View previous topic :: View next topic
|
Author |
Message |
tomehta
New User
Joined: 18 Aug 2008 Posts: 98 Location: India
|
|
|
|
Hi
How can we compare two Identical tables in DB2, say in two test regions I want to compare the same tables.
Db1.Employee and Db2.Employee.
I dont want to extract the tables on files and then compare to generate the reconcile report.
Do we have some way we can do it in DB2.
thanks
Rohit |
|
Back to top |
|
|
Terry Heinze
JCL Moderator
Joined: 14 Jul 2008 Posts: 1248 Location: Richfield, MN, USA
|
|
|
|
Why don't you want to "extract the tables on files and then compare" the unloaded data sets? That would seem to be the quickest method. Utililies can be used for both steps. |
|
Back to top |
|
|
agkshirsagar
Active Member
Joined: 27 Feb 2007 Posts: 691 Location: Earth
|
|
|
|
Rohit,
Terry has raised a very valid point. Do think about that approach.
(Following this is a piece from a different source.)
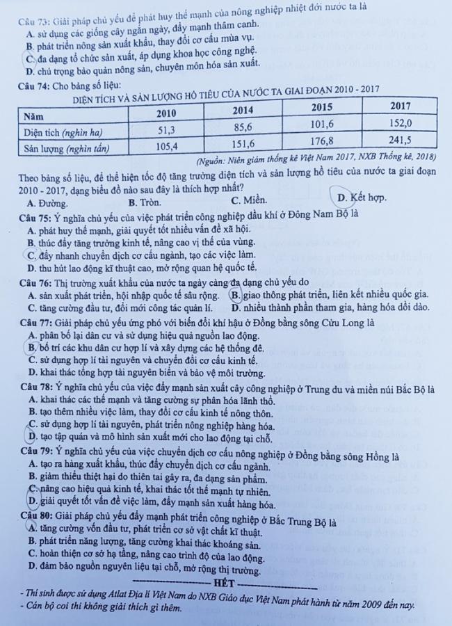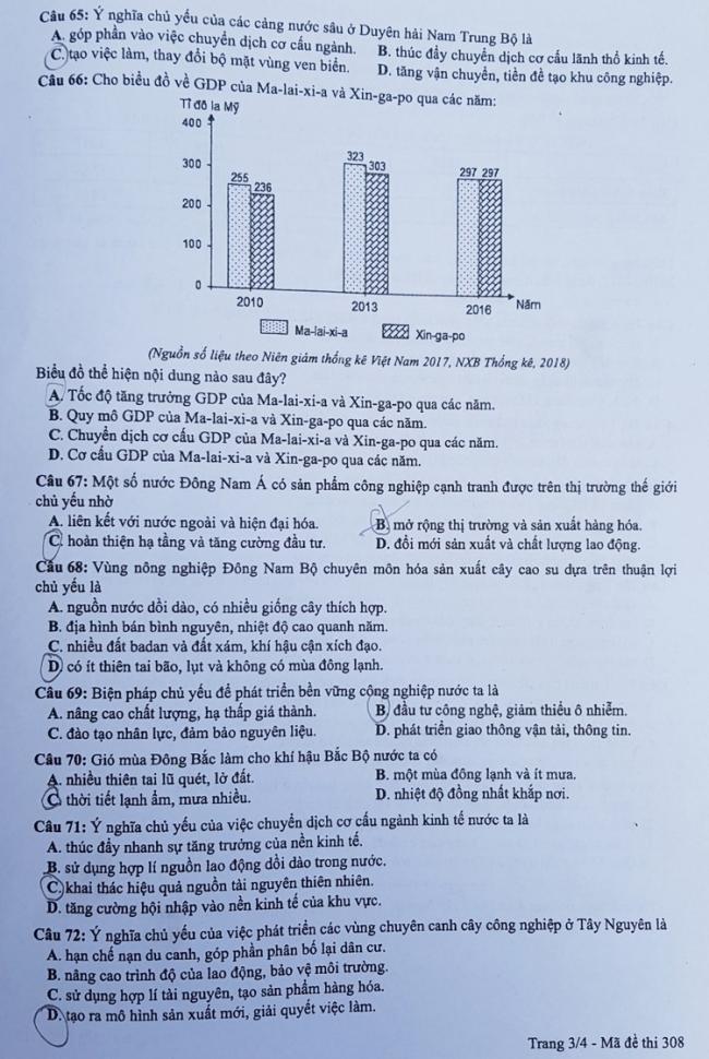 Thi THPQG 2019: Đề thi và đáp án môn Địa lí mã đề 308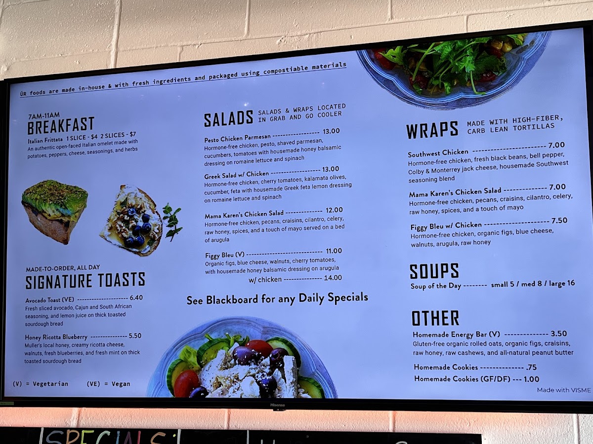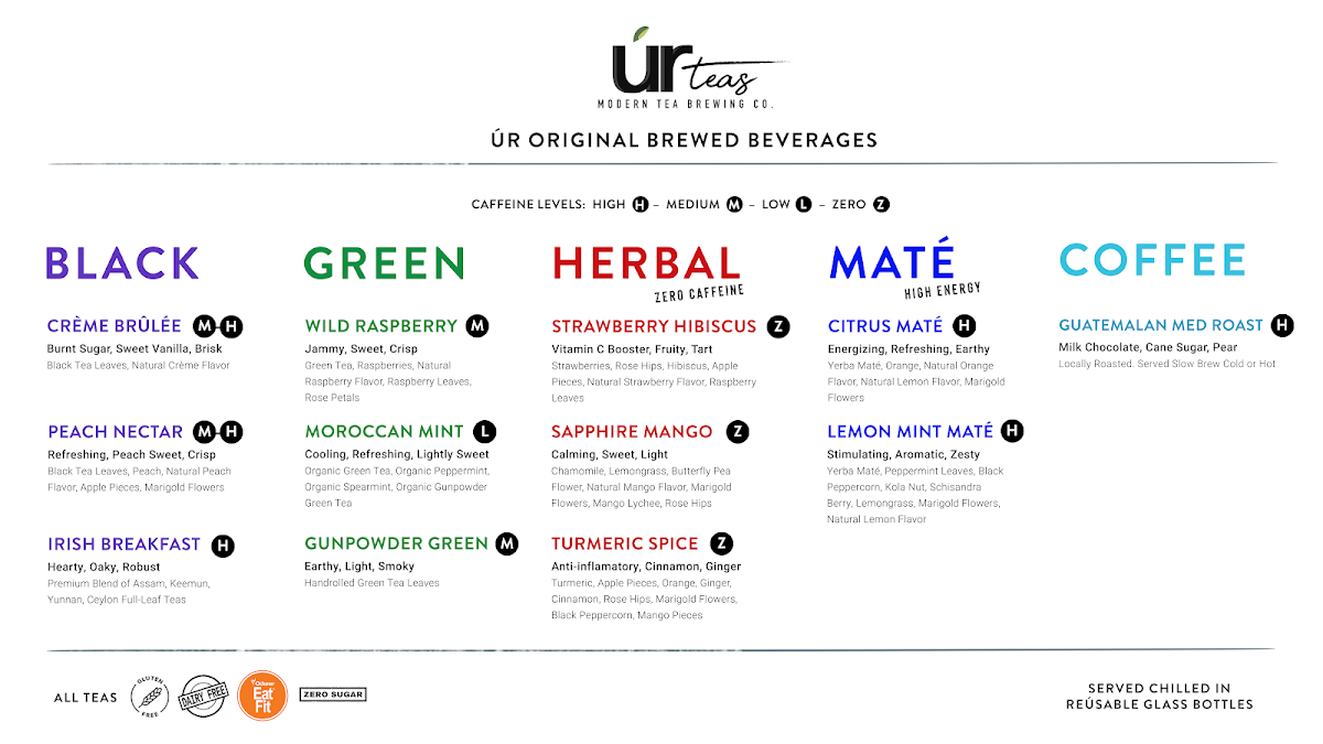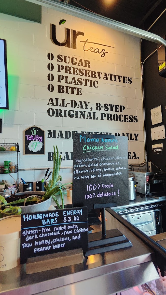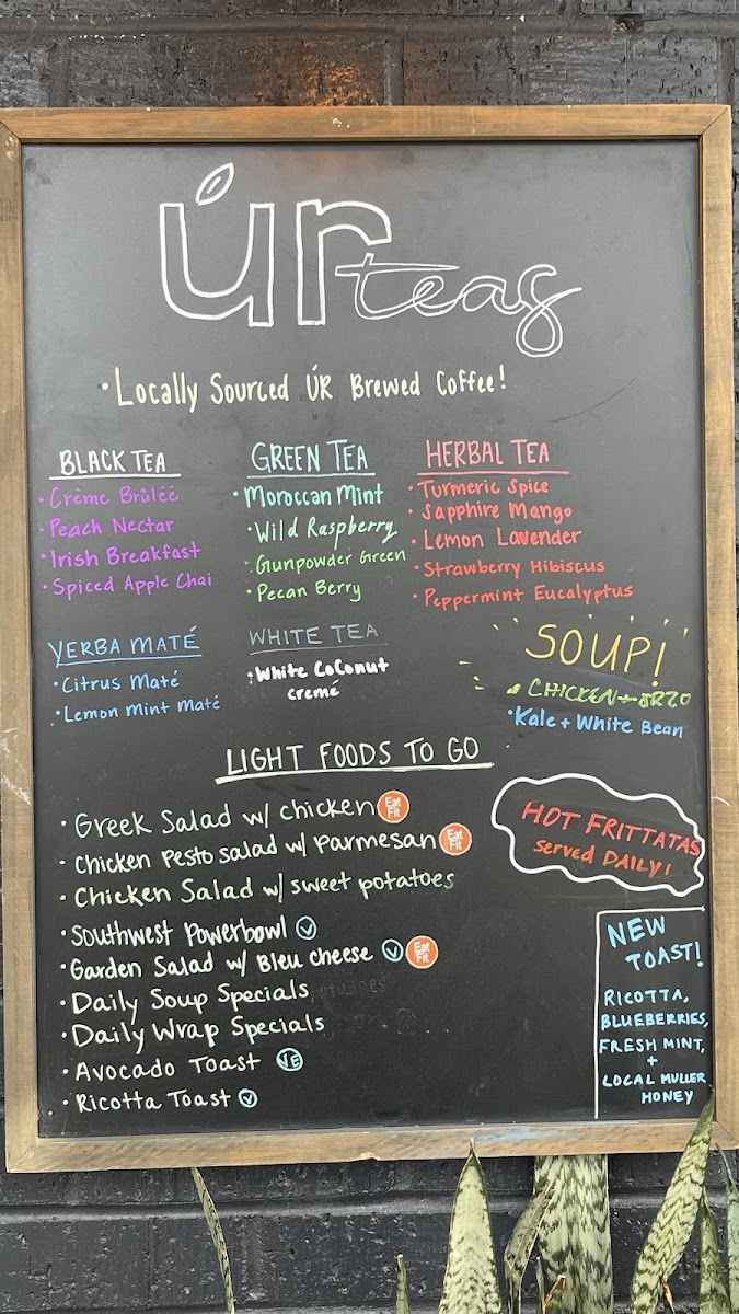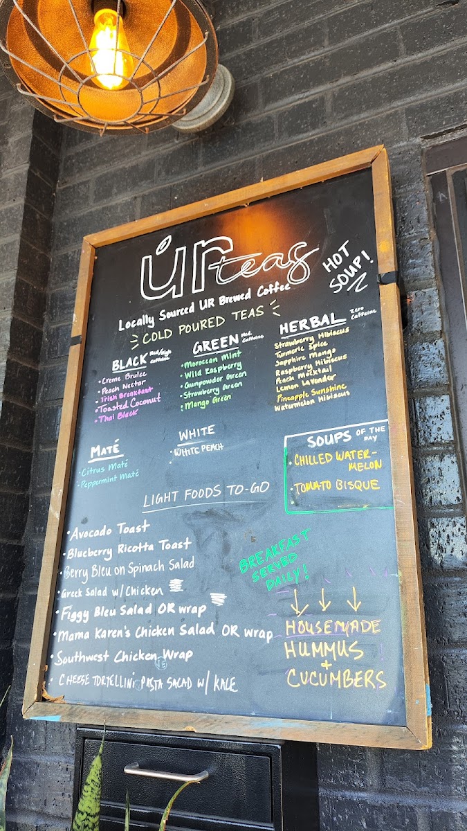 From a reviewer’s perspective, the menu at Ur Teas: Modern Tea Brewing Co. feels thoughtfully curated, balancing light bites with a strong focus on specialty teas. The breakfast offering, especially the Italian Frittata, sets a comforting tone, while the signature toasts like Avocado Toast and Honey Ricotta Blueberry add a fresh, modern touch. Heartier options such as the Southwest Chicken, Mama Karen's Chicken Salad, and Figgy Bleu W/ Chicken wraps provide satisfying variety, complemented by lighter fare like the Soup Of The Day and snacks including Homemade Energy Bar and Homemade Cookies. The tea selection truly stands out, ranging from creative blends like Peppermint Maté, Mocha Maté, and Caramel Apple Green to classic profiles such as Crème Brûlée, Peach Nectar, and Irish Breakfast black teas, alongside green options like Moroccan Mint and herbal infusions like Turmeric Spice. For something more filling, dishes like Pesto Chicken Parmesan, Greek Salad W/ Chicken, and the Southwest Power Bowl Moroccan Couscous offer balanced, flavorful choices. Unique extras like the Toasted Belgian Waffle and Figgy Bleu further round out the menu. Although prices aren’t listed, the diversity and creativity of items-from teas to wraps and salads-leave the impression of a menu designed to cater to both casual tea lovers and those seeking a light yet satisfying meal.

You may want to try something like this-
SELECT * FROM DB1.EMPLOYEE WHERE EMPID NOT IN(
SELECT EMPID FROM DB2.EMPLOYEE ) ;
UNION
SELECT * FROM DB2.EMPLOYEE WHERE EMPID NOT IN(
SELECT EMPID FROM DB1.EMPLOYEE ) ; |
|
Back to top |
|
|
dick scherrer
Moderator Emeritus
Joined: 23 Nov 2006 Posts: 19243 Location: Inside the Matrix
|
|
|
|
Hello,
That query could identify key "mis-match"es, but would not compare the contents of the tables. . . |
|
Back to top |
|
|
agkshirsagar
Active Member
Joined: 27 Feb 2007 Posts: 691 Location: Earth
|
|
|
|
You are right Dick.
But it is my guess that OP wanted to know only the key mismatches.
Lets wait and watch.. |
|
Back to top |
|
|
tomehta
New User
Joined: 18 Aug 2008 Posts: 98 Location: India
|
|
|
|
I am sorry guys for replying late,
Let me elaborate further, I have to two db , having same table (approx 150), have to compare the contents.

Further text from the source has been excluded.